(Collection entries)
= = = = = = =

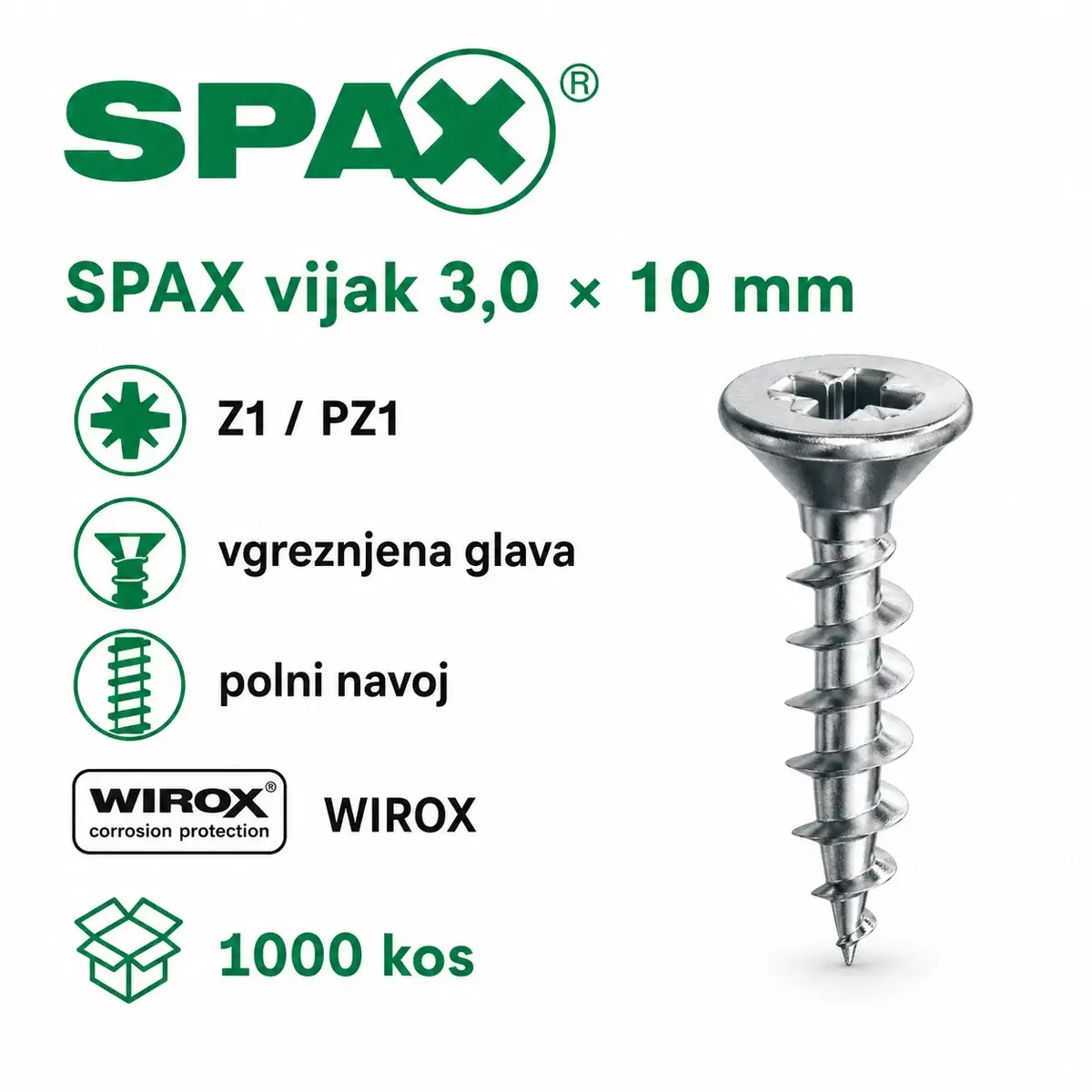SPAX vijak 3,0× 10 mm Z1 je kakovosten nemški pritrdilni vijak, namenjen montaži komponent za žaluzije in senčila, kot so kocke, nosilci, gumbe, pritrdilci palice senčila ter drugo fino pohištveno in senčilno okovje.
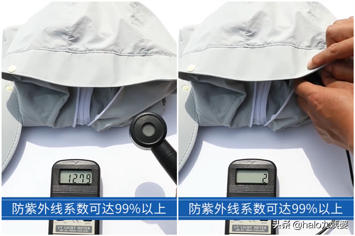 然而帽檐的防曬指數(shù)更高,陽(yáng)光直射下,紫外線強(qiáng)度為1458,而防曬衣下紫外線強(qiáng)度甚至為0,防曬效果達(dá)到滿分~
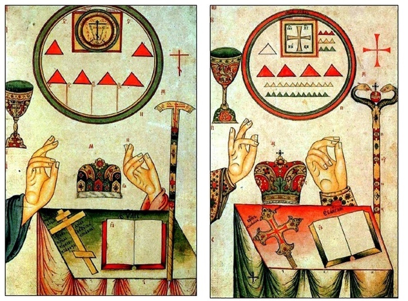 1. Двоеперстие, древняя, унаследованная от апостольских времен форма перстосложения при крестном знамении, было названо «арменскою ересью» и заменено на троеперстие. В качестве священнического перстосложения для благословения была введена так называемая малакса, или именословное перстосложение. В толковании двоеперстного крестного знамения два протянутых перста означают две природы Христа (Божественную и человеческую), а три (пятый, четвертый и первый), сложенных у ладони, — Святую Троицу. Введя троеперстие (означающее одну Троицу), Никон не только пренебрегал догматом о Богочеловечестве Христа, но и вводил «богострастную» ересь (то есть, по сути, утверждал, что на кресте страдала не только человеческая природа Христа, а вся Святая Троица). Это новшество, введённое в Русской Церкви Никоном, было очень серьёзным догматическим искажением, поскольку крестное знамение во все времена являлось для православных христиан видимым Символом веры.
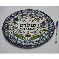 PRATO DECORATIVO (27 CM) CONFECCIONADO EM CERÂMICA, NA COR BEGE. POSSUI BORDA PINTADA EM TONS DE AZUL; E CENTRO DO PEÇA COLORIDO, COM MOTIVOS FLORAIS. NO CENTRO, A INSCRIÇÃO 'SHALOM' E OUTRAS EM ÁRABE. NA PARTE POSTERIOR, CARTÃO DE VISITA DO AGENTE.
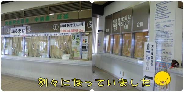 帰るときに撮ったので閉まってますが、右の交通安全協会の窓口には、4,5人くらいに対し、左の写真の受付にはすごく人が並んでいました。
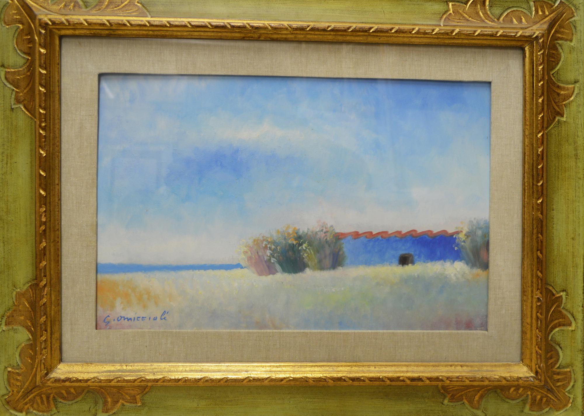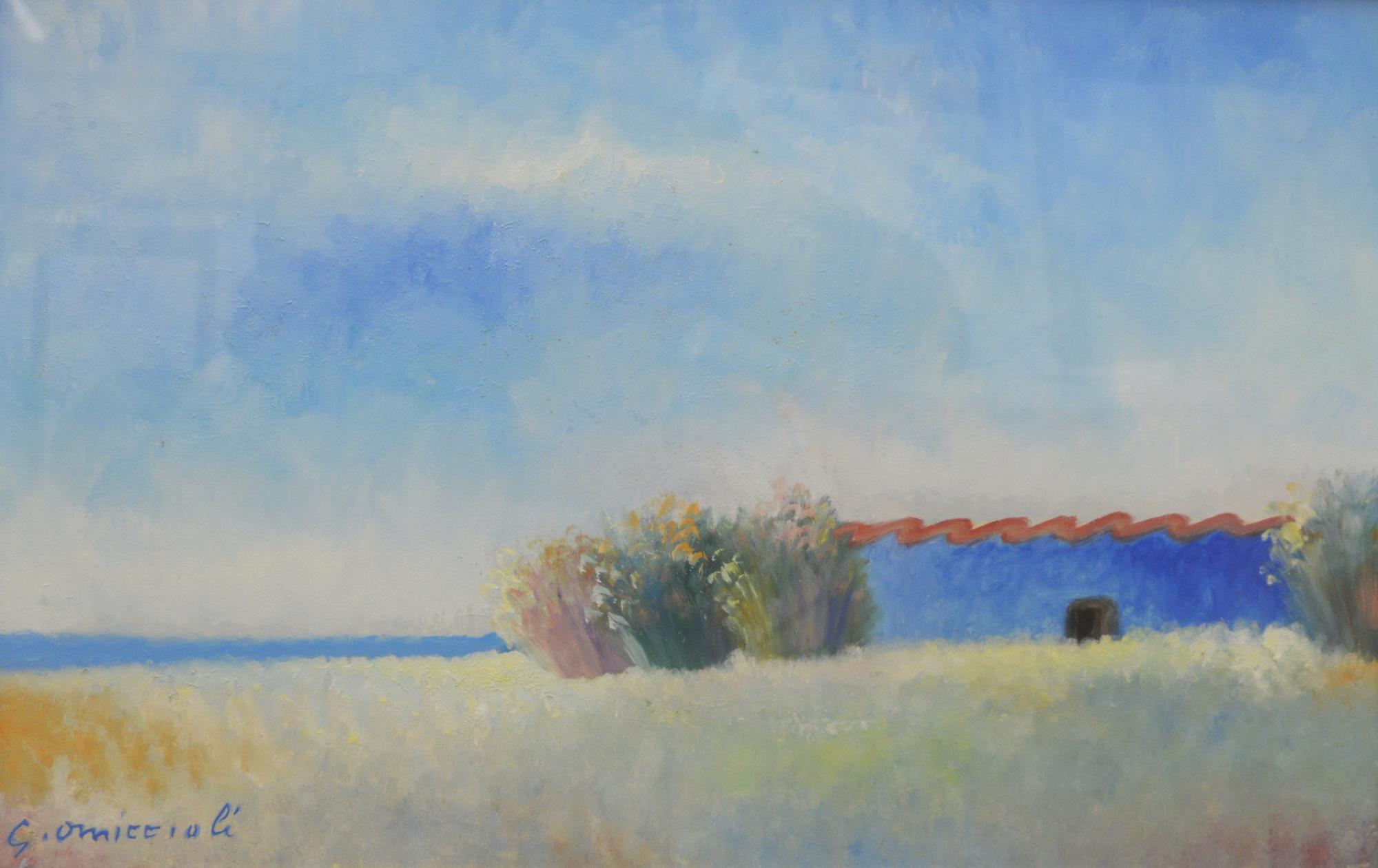 Giovanni Omiccioli BARACCA BLU A PASSOSCURO olio su cartone, cm 35,5x50,5...

= = = = = = =

» TASK OBJECTIVE: Output exactly the lines from the one containing "PRATO DECORATIVO (27" through the last line of the records above, both included, leaving out any pictures.

» EXERCISE SOLUTION:
 PRATO DECORATIVO (27 CM) CONFECCIONADO EM CERÂMICA, NA COR BEGE. POSSUI BORDA PINTADA EM TONS DE AZUL; E CENTRO DO PEÇA COLORIDO, COM MOTIVOS FLORAIS. NO CENTRO, A INSCRIÇÃO 'SHALOM' E OUTRAS EM ÁRABE. NA PARTE POSTERIOR, CARTÃO DE VISITA DO AGENTE.
 帰るときに撮ったので閉まってますが、右の交通安全協会の窓口には、4,5人くらいに対し、左の写真の受付にはすごく人が並んでいました。
 Giovanni Omiccioli BARACCA BLU A PASSOSCURO olio su cartone, cm 35,5x50,5...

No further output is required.